Windows (PowerShell):

Get-Content $env:USERPROFILE\.ssh\id_ed25519.pub | Set-Clipboard

Now add it to GitHub:

  1. Go to GitHub → Settings → SSH and GPG keys
  2. Click New SSH key
  3. Give it a descriptive title (e.g., MacBook Pro 2025 or Work Linux Desktop)
  4. Set Key type to Authentication Key
  5. Paste your public key into the Key field
  6. Click Add SSH key

Step 5 — Test the Connection

Let's make sure everything's wired up:

ssh -T [email protected]

First time connecting, you'll see a host authenticity prompt:

The authenticity of host 'github.com (140.82.121.4)' can't be established.
ED25519 key fingerprint is SHA256:+DiY3wvvV6TuJJhbpZisF/zLDA0zPMSvHdkr4UvCOqU.
Are you sure you want to continue connecting (yes/no/[fingerprint])?

Type yes. (GitHub's official fingerprint is SHA256:+DiY3wvvV6TuJJhbpZisF/zLDA0zPMSvHdkr4UvCOqU — verify it matches.)

If it works, you'll see:

Hi username! You've successfully authenticated, but GitHub does not provide shell access.

That message always sounds vaguely threatening, but it just means everything's working.

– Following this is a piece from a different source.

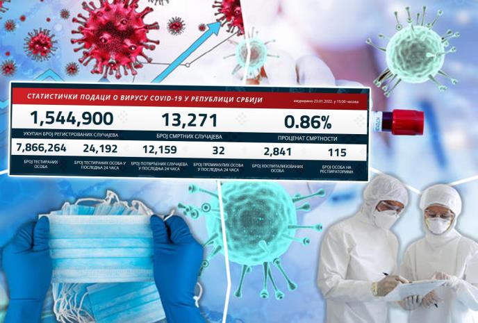U poslednja 24 sata u Srbiji je na korona virus testirano 24.192 građana, od kojih je pozitivno 12.159 dok je, nažalost, preminulo 32.

Step 6 — Clone Repositories Using SSH

With SSH configured, always grab the SSH URL:

# SSH (correct)
git clone [email protected]:username/repository.git

# HTTPS (requires token-based auth)
git clone https://github.com/username/repository.git

If you already cloned via HTTPS and want to switch:

git remote set-url origin [email protected]:username/repository.git

Verify:

git remote -v

Managing Multiple GitHub Accounts

If you juggle personal and work GitHub accounts (I do), create separate keys and configure ~/.ssh/config:

# Personal account
Host github-personal
  HostName github.com
  User git
  IdentityFile ~/.ssh/id_ed25519_personal

# Work account
Host github-work
  HostName github.com
  User git
  IdentityFile ~/.ssh/id_ed25519_work

Then clone using the custom host:

git clone git@github-personal:personaluser/repo.git
git clone git@github-work:workorg/repo.git

This takes a few minutes to set up and saves endless confusion about which account you're pushing with.


FAQ

Q: What's the difference between Ed25519 and RSA?

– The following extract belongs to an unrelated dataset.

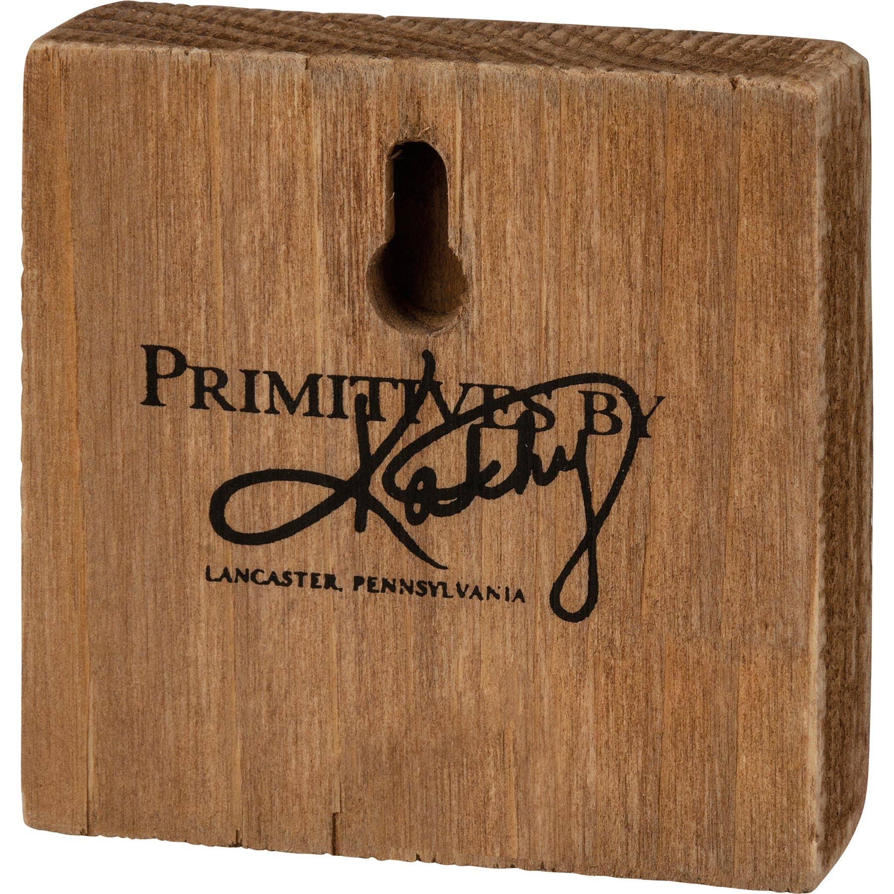 A wooden block sign featuring a Santa design. Design is replicated from original artwork painted onto burlap canvas, giving the art a unique depth and texture. Easy to hang via predrilled keyhole slot or can free-stand alone.

Ed25519 uses elliptic curve cryptography — shorter keys, faster operations, equivalent or better security than RSA-4096. Use Ed25519 unless you're working with systems old enough to not support it.

Q: Do I need one SSH key per computer or per GitHub account?

One key per computer is standard. Generate a separate key on each machine and add each to GitHub. That way you can revoke access from a specific machine without affecting others.

Q: Is a passphrase required?

No, but I strongly recommend one. Without it, anyone who gets your key file can authenticate as you. With the SSH agent, you type the passphrase once per session — the security benefit far outweighs the minor hassle.

Q: My SSH test fails with "Permission denied (publickey)". What do I do?

Run ssh -vT [email protected] for verbose output. Common causes: key not added to the agent (ssh-add), wrong key registered on GitHub, or a firewall blocking port 22. For the firewall case, try SSH over HTTPS port 443 by adding Port 443 and Hostname ssh.github.com to your ~/.ssh/config.

Q: Can I use the same SSH key for GitHub, GitLab, and Bitbucket?

Yes. Copy the same public key to each service. Or generate service-specific keys and use ~/.ssh/config to route each host to the right key — handy if you want to revoke one service independently.

Q: How do I rotate or revoke a key?

Delete the key from GitHub under Settings → SSH and GPG keys, delete the local files (~/.ssh/id_ed25519 and ~/.ssh/id_ed25519.pub), and generate a fresh pair. SSH keys don't have built-in expiry, so periodic rotation is good security hygiene.

Q: Will SSH keys work in GitHub Actions?

Yes. Add the private key as a secret and configure the agent in your pipeline. GitHub Actions also has its own GITHUB_TOKEN for repo operations, which is usually simpler for pure automation.


SSH key setup is one of those one-time tasks that pays off every single day. Once it's in place, the auth friction of daily Git work just disappears — and your credentials are way more secure than any password. Set it up once per machine and never think about it again.